Records supplied: Begin

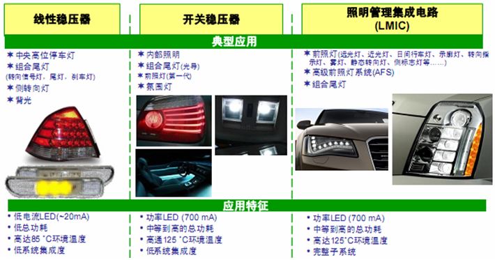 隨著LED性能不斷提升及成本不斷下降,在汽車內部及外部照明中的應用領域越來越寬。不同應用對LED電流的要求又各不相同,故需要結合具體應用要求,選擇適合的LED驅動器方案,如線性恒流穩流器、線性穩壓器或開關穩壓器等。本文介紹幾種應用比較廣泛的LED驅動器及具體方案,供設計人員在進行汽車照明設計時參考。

Records supplied: End
Records supplied: Begin

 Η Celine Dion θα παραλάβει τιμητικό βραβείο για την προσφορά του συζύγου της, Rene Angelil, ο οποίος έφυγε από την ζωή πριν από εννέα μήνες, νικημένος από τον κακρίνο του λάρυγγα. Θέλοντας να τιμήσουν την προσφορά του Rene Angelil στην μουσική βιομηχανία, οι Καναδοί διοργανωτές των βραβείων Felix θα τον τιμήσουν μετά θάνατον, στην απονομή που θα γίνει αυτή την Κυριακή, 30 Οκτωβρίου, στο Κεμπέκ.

Records supplied: End
Records supplied: Begin

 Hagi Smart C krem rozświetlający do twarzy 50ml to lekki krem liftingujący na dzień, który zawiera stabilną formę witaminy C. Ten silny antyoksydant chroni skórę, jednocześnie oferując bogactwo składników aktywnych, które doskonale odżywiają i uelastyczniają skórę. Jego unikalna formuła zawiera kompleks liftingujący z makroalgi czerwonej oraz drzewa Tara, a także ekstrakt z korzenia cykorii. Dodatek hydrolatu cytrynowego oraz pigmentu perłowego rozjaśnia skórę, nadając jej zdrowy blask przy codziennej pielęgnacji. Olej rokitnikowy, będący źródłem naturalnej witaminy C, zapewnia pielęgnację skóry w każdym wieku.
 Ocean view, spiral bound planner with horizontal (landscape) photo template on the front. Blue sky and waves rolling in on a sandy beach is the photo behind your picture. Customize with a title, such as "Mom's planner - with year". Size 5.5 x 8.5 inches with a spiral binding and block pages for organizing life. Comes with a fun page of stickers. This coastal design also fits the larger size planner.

Records supplied: End

**Task statement**
Using the data above, extract exactly the lines from the one that holds "Hagi Smart C" to the one that holds "Ocean view, spiral", both ends included, and no others.

**Solution**
 Hagi Smart C krem rozświetlający do twarzy 50ml to lekki krem liftingujący na dzień, który zawiera stabilną formę witaminy C. Ten silny antyoksydant chroni skórę, jednocześnie oferując bogactwo składników aktywnych, które doskonale odżywiają i uelastyczniają skórę. Jego unikalna formuła zawiera kompleks liftingujący z makroalgi czerwonej oraz drzewa Tara, a także ekstrakt z korzenia cykorii. Dodatek hydrolatu cytrynowego oraz pigmentu perłowego rozjaśnia skórę, nadając jej zdrowy blask przy codziennej pielęgnacji. Olej rokitnikowy, będący źródłem naturalnej witaminy C, zapewnia pielęgnację skóry w każdym wieku.
 Ocean view, spiral bound planner with horizontal (landscape) photo template on the front. Blue sky and waves rolling in on a sandy beach is the photo behind your picture. Customize with a title, such as "Mom's planner - with year". Size 5.5 x 8.5 inches with a spiral binding and block pages for organizing life. Comes with a fun page of stickers. This coastal design also fits the larger size planner.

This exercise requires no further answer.